### Assignment
One exact copy of the listing is needed. It should contain no pictures.

### Data segment
== Segment start ==
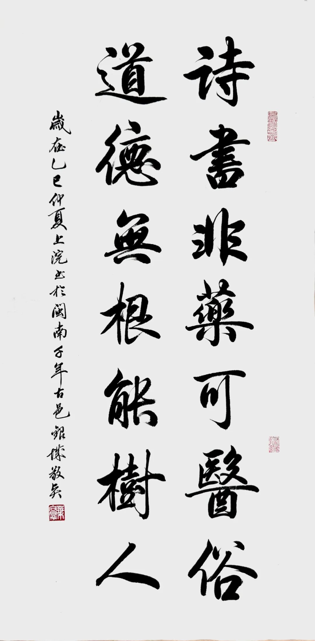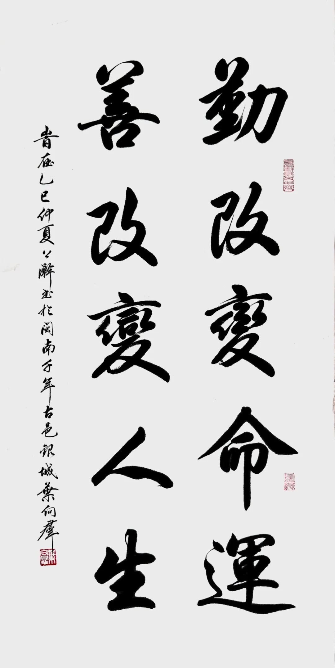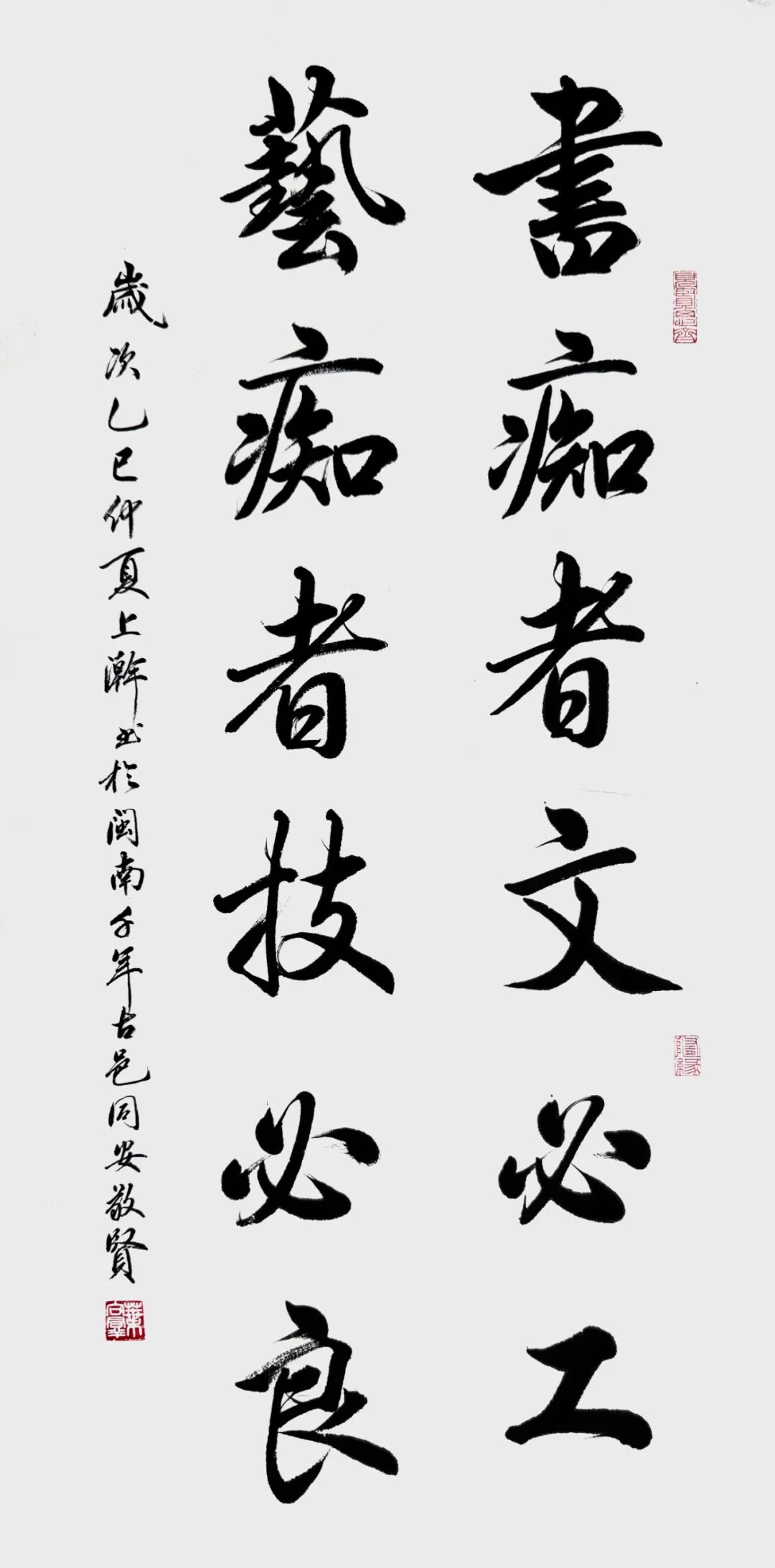 在家学的润泽下,叶向群自幼年展露出对古典文学的浓厚兴味与非凡禀赋。其诗作不但严格依循古典诗词的平仄韵律,且于主题选取上追求崇高与深邃,字里行间流溢深厚的文化底蕴与人文精神,使其跻身当代古典诗歌创作领域的代表人物行列。此种对古典文学的深厚积淀,无疑为他的书法艺术的修养筑牢了坚实根基,令其书法作品于字里行间散发浓郁的文人气息与书卷韵致。
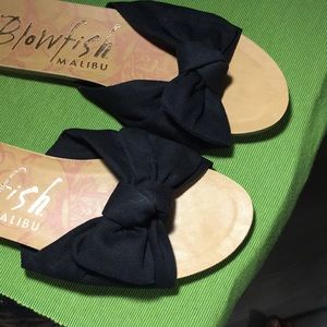🖤Brand new with a box black blowfish slide sandals for women super cute have a bow on the top. Slips on easily I only have one size so far check back though!!!🖤😊
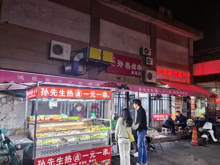 小店虽拥挤,却布置得井井有条:一台大冰柜占据一角,一排小桌子,除了供客人用餐,剩余空间还摆放着调味品和蔬菜等。门口连廊的货架上,整齐地码放着各种粮油米面。“这两天气温回升,晚上出来吃夜宵的人不少。”在仅有12平方米的串店里,老孙说,“最近生意挺不错,一天能卖七八百元呢。”
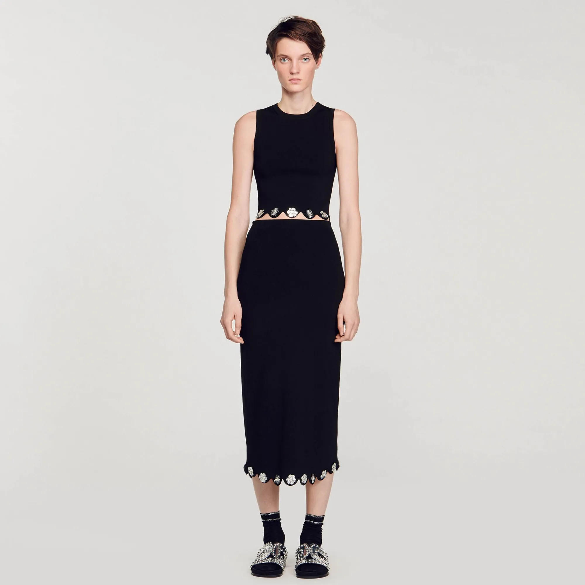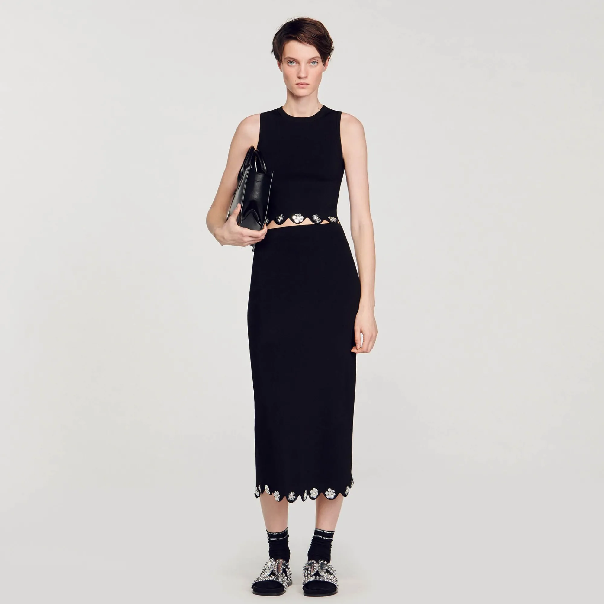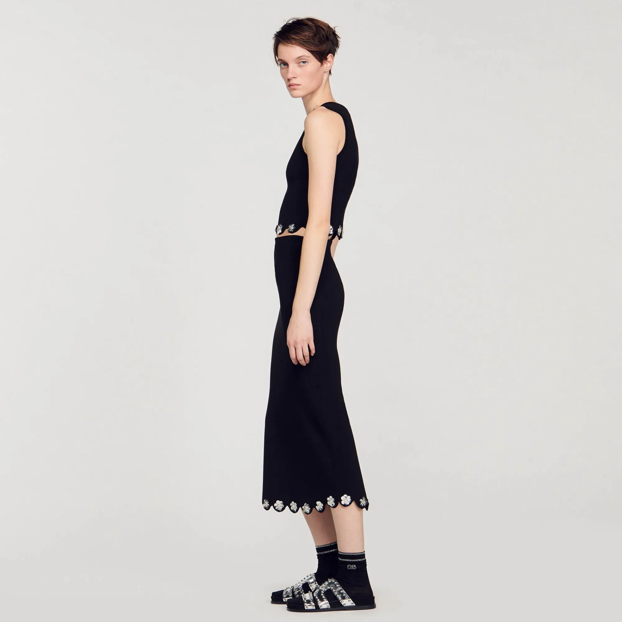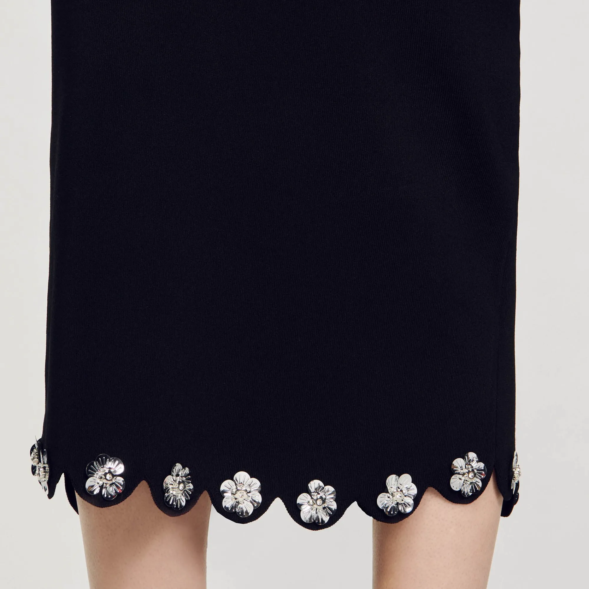 Saia Longa De Malha Com Cintura Alta E Detalhe De Borda Recortada Com Flores De Lantejoulas Na Barra.
== Segment end ==
### Result for this exercise
 在家学的润泽下,叶向群自幼年展露出对古典文学的浓厚兴味与非凡禀赋。其诗作不但严格依循古典诗词的平仄韵律,且于主题选取上追求崇高与深邃,字里行间流溢深厚的文化底蕴与人文精神,使其跻身当代古典诗歌创作领域的代表人物行列。此种对古典文学的深厚积淀,无疑为他的书法艺术的修养筑牢了坚实根基,令其书法作品于字里行间散发浓郁的文人气息与书卷韵致。
🖤Brand new with a box black blowfish slide sandals for women super cute have a bow on the top. Slips on easily I only have one size so far check back though!!!🖤😊
 小店虽拥挤,却布置得井井有条:一台大冰柜占据一角,一排小桌子,除了供客人用餐,剩余空间还摆放着调味品和蔬菜等。门口连廊的货架上,整齐地码放着各种粮油米面。“这两天气温回升,晚上出来吃夜宵的人不少。”在仅有12平方米的串店里,老孙说,“最近生意挺不错,一天能卖七八百元呢。”
 Saia Longa De Malha Com Cintura Alta E Detalhe De Borda Recortada Com Flores De Lantejoulas Na Barra.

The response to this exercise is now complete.